■ **What to work on**: Your task is to retype, exactly, the line containing "商品名:Topmake スマホホルダー 車" and every later line through the end of the listing, with pictures omitted.

■ **Provided data**:
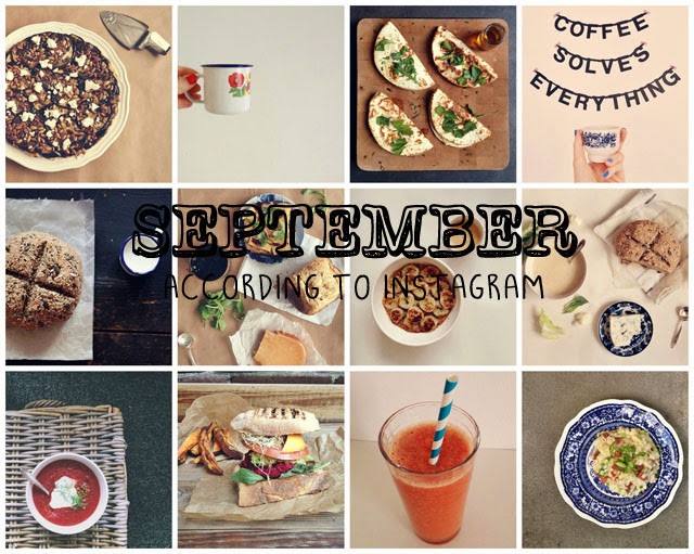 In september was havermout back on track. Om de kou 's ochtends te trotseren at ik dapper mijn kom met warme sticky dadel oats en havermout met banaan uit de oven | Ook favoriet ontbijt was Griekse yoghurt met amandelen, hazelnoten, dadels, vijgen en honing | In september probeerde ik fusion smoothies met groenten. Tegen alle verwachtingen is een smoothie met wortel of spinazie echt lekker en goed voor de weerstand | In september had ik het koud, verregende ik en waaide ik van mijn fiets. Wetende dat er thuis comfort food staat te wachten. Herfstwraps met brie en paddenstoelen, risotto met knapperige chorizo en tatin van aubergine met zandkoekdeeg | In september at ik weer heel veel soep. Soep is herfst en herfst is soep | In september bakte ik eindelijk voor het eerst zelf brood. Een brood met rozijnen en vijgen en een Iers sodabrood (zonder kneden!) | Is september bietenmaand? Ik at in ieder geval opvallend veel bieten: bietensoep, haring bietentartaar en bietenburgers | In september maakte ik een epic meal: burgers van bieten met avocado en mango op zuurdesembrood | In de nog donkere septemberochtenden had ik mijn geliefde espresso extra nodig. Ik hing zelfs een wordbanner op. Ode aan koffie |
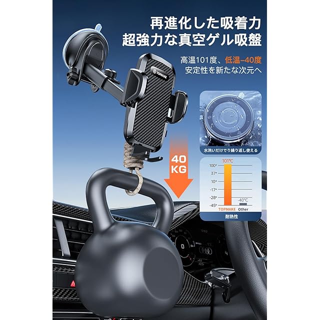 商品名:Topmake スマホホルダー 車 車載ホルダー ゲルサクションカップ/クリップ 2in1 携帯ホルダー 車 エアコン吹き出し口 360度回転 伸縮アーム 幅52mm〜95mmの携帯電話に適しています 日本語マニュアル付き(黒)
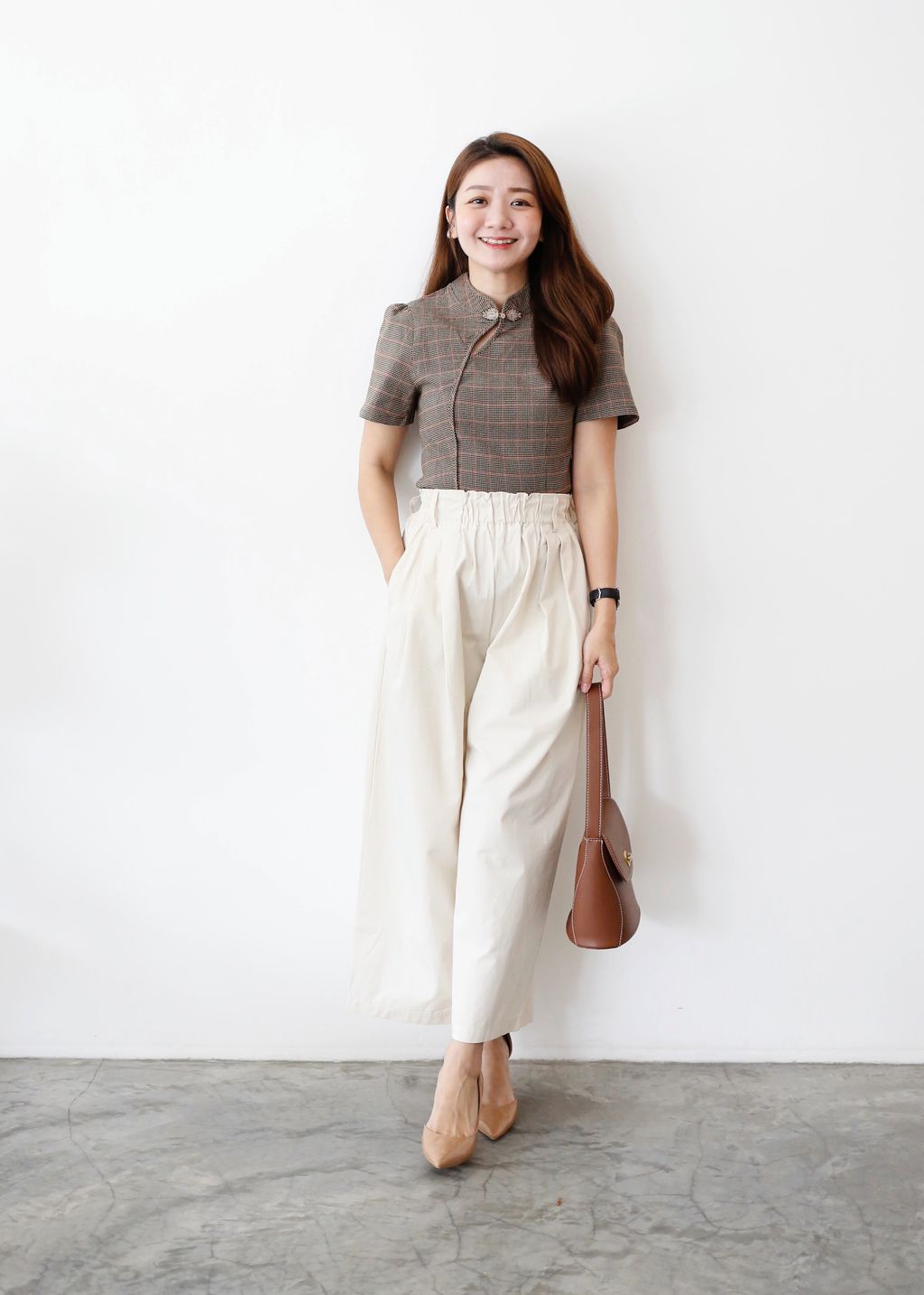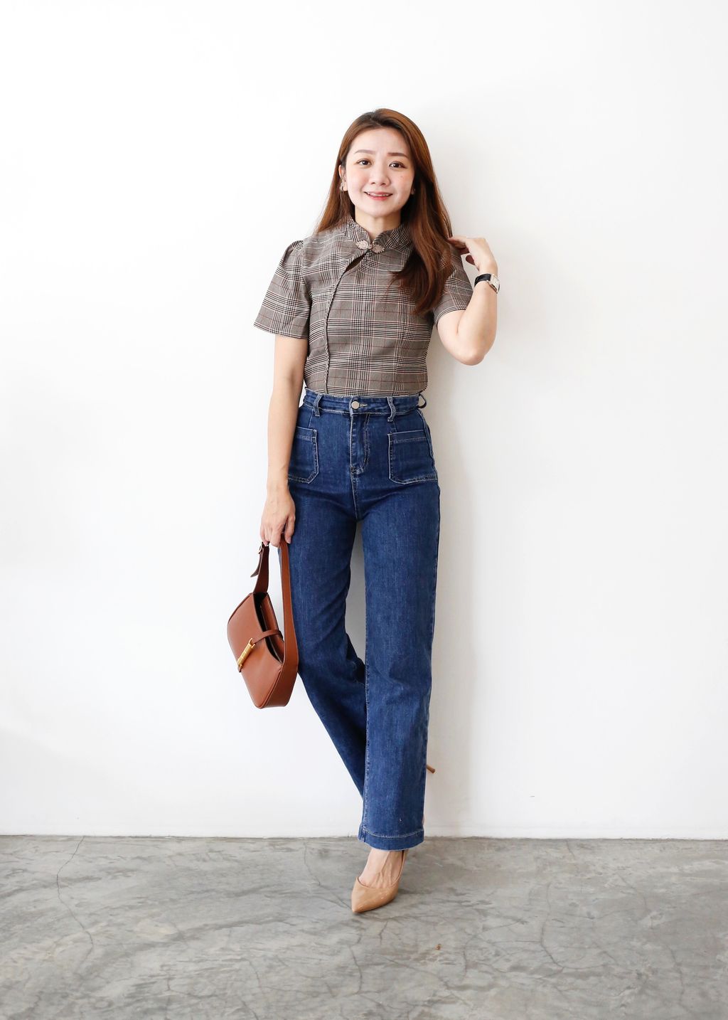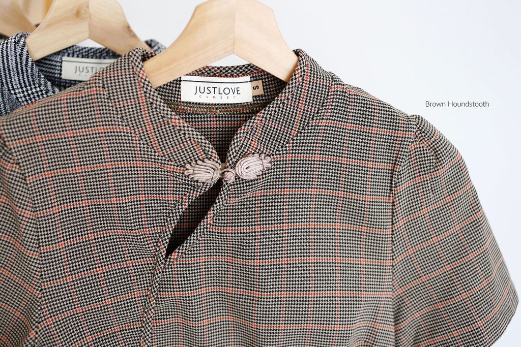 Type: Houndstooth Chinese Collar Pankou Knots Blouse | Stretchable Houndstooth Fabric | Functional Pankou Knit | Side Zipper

■ **Output for this exercise**:
 商品名:Topmake スマホホルダー 車 車載ホルダー ゲルサクションカップ/クリップ 2in1 携帯ホルダー 車 エアコン吹き出し口 360度回転 伸縮アーム 幅52mm〜95mmの携帯電話に適しています 日本語マニュアル付き(黒)
 Type: Houndstooth Chinese Collar Pankou Knots Blouse | Stretchable Houndstooth Fabric | Functional Pankou Knit | Side Zipper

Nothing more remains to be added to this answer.